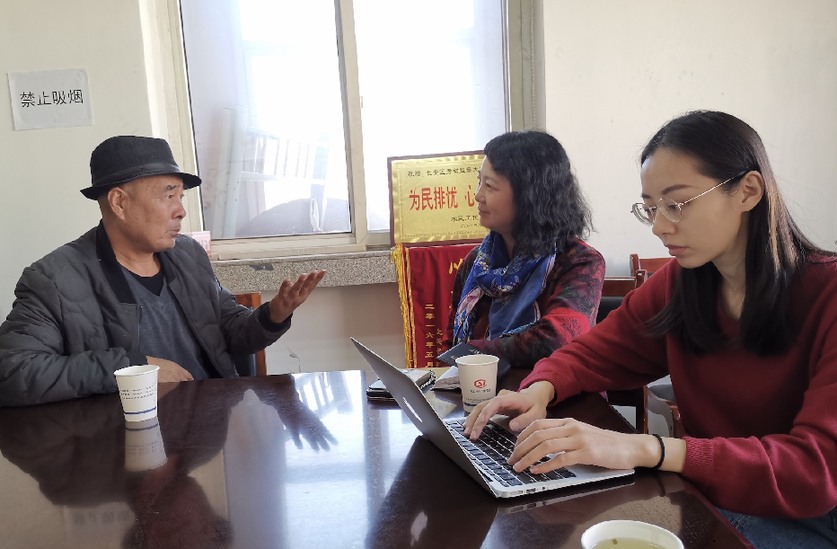新华社记者林红梅(中)在石家庄市长安区劳动监察大队调解室采访农民工讨薪
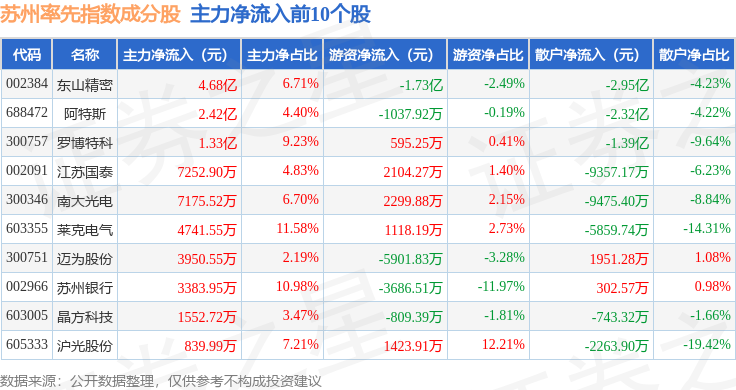 资金流向方面,苏州率先(399410)指数成份股当日主力资金净流出合计1.82亿元,游资资金净流入合计3.52亿元,散户资金净流出合计1.7亿元。成份股资金流向详情见下表:
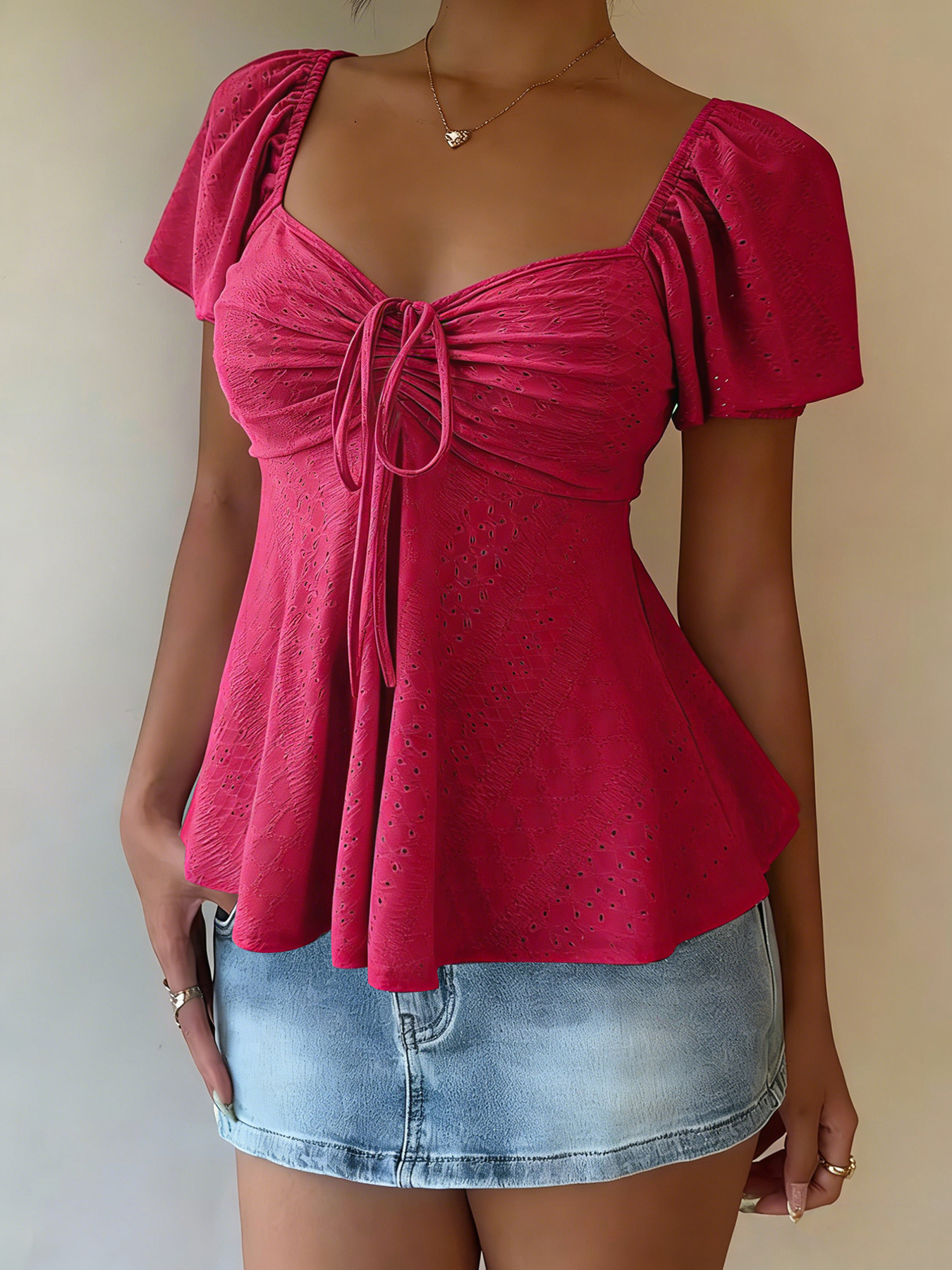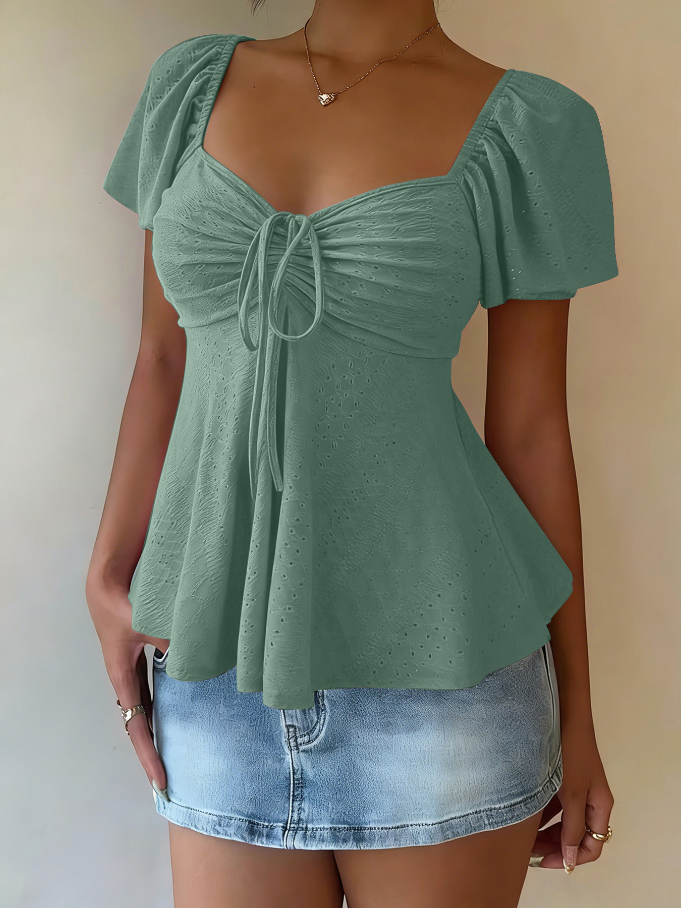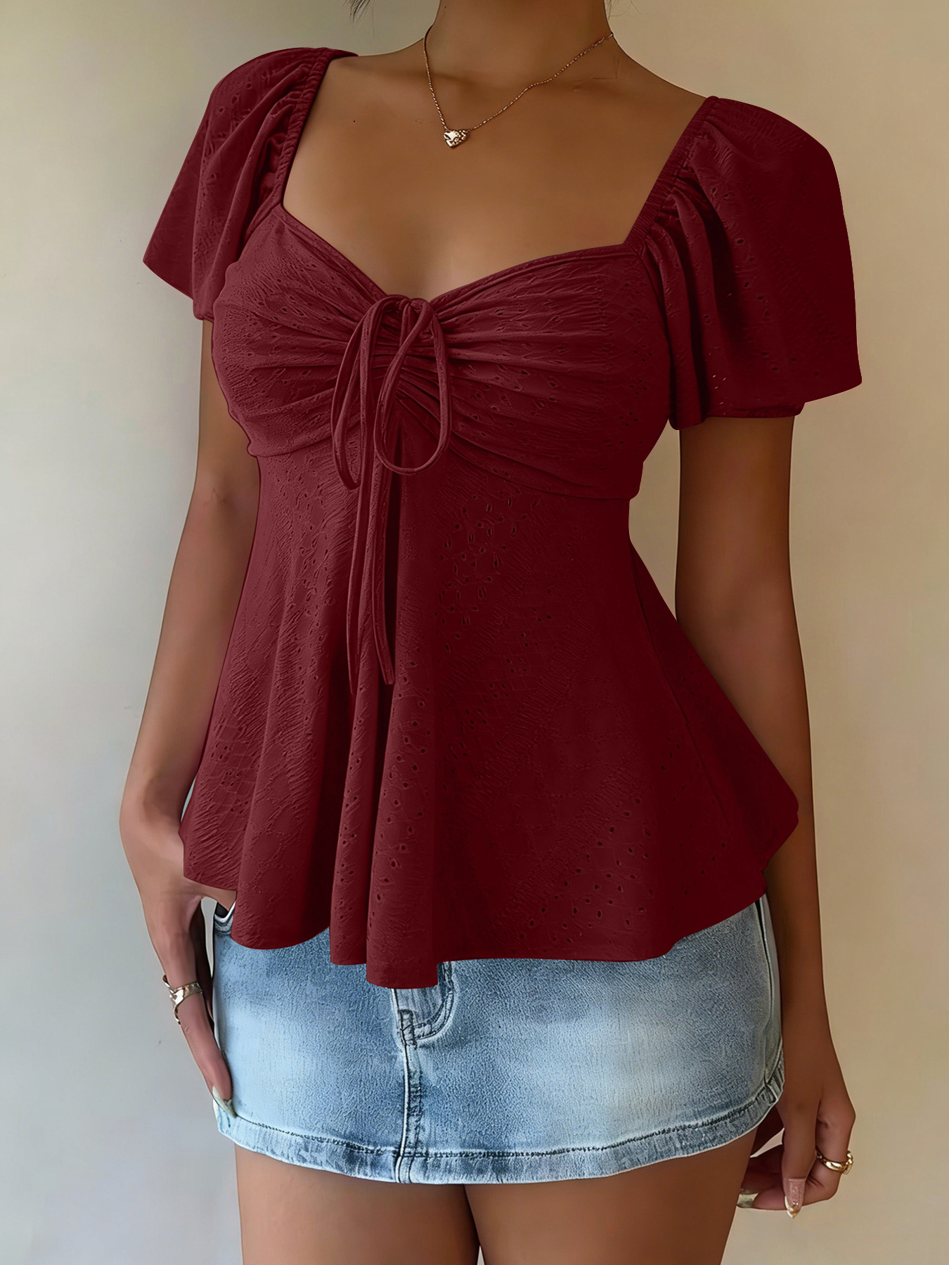 0 Review for Euramerican V-neck Drawstring Tie-up Top
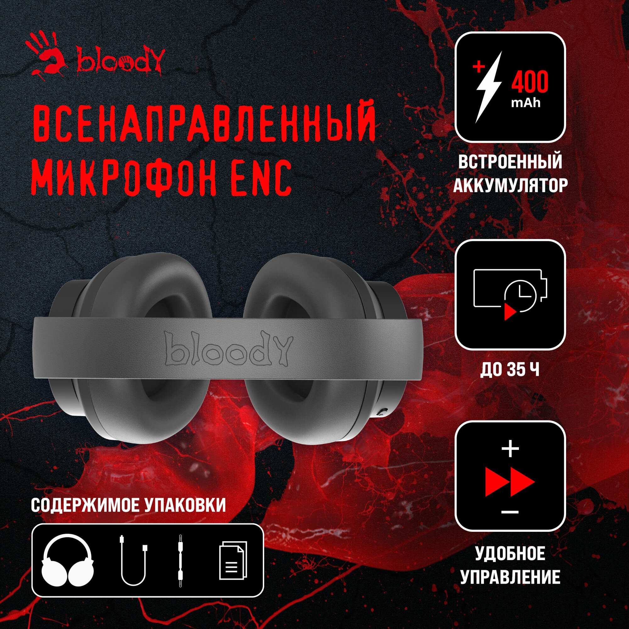 Наушники A4Tech Bloody MH390 беспроводные, с микрофоном, Bluetooth, черный

_EXERCISE DESCRIPTION_:
A faithful copy of all the data above is required, printed exactly and with no pictures.

_RESPONSE FOR THIS EXERCISE_:
新华社记者林红梅(中)在石家庄市长安区劳动监察大队调解室采访农民工讨薪
 资金流向方面,苏州率先(399410)指数成份股当日主力资金净流出合计1.82亿元,游资资金净流入合计3.52亿元,散户资金净流出合计1.7亿元。成份股资金流向详情见下表:
 0 Review for Euramerican V-neck Drawstring Tie-up Top
 Наушники A4Tech Bloody MH390 беспроводные, с микрофоном, Bluetooth, черный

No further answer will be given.